Заметив слезы у меня на глазах, Гренадина просит — да, именно просит меня:
— Пожалуйста, не подсказывайте на уроках. Вам это шалости, а мне могут неприятности быть: учитель может пожаловаться, пойдут всякие дразги… Нехорошо, правда?
Я понимаю: теперь начнется новая жизнь! Гренадина не станет больше меня «ненавидеть», но и я ни за что не буду больше подсказывать.
Почти бегу по улице и думаю: «Про Гренадину тоже тайна.
И тоже — никому. Как про Соню Павлихину… И откуда на свете столько тайн?»
По дороге замедляю бег около казенной винной лавки.
В просторечии их называют «монопольками». Никакого вина там не продают, только водку. «Монополька» — чистенькая, опрятная. Продавщица, или, как Соня называет, «сиделица», — немолодая женщина с усталым лицом. Я думаю о Сониной маме.
— Папа! — говорю я вечером, когда он, очень усталый (провел полдня около трудной больной, только сейчас возвратился домой), присаживается около моей кровати для «последнего разговора». — Папа, что такое незаконнорожденные дети?
— Здрасте! Очень приятно… — отвечает папа так, словно он встретился с кем-то очень неприятным. — Здрасте! Давно не видались…
— Нет, ты скажи!

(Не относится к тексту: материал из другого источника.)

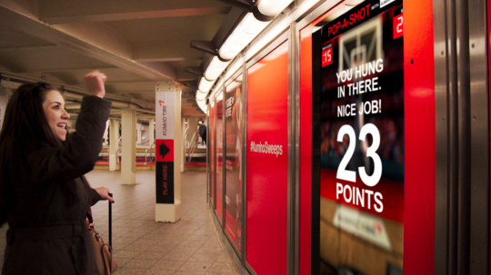 미프로농구협회(NBA) 공식 후원사인 금호타이어는 지난 2월 NBA 올스타전 기간 동안 유동인구가 많은 세계적 관광지인 뉴욕 타임스퀘어의 지하철 역에 동작인식 스크린 설치물을 설치해 좋은 반응을 얻었다. 터치 스크린을 통해 농구공 대신 타이어로 프리드로우를 하고, 뉴욕 닉스의 간판 스타인 카멜로 앤서니(Camelo Anthony)의 실물크기 사진과 기념 사진을 찍는 내용인데 이 기간 동안 SNS 등의 통합마케팅으로 약 4억 6000만 건의 금호타이어 브랜드 노출과 500만 건의 소셜미디어 공유/참여 활동이 이루어졌다.

Что такое незаконнорожденные дети? Ты это знаешь?
— Я-то знаю. А вот где ты это подхватила?
— Этого я тебе сказать не могу: я дала самое честное слово!
— Гм… Очень глупое выражение, самое честное слово! Если слово не самое честное, значит, оно и не очень уж честное! Честность, братец ты мой, не мороженое, чтобы ее отпускать на копейку, на две или на целый пятак.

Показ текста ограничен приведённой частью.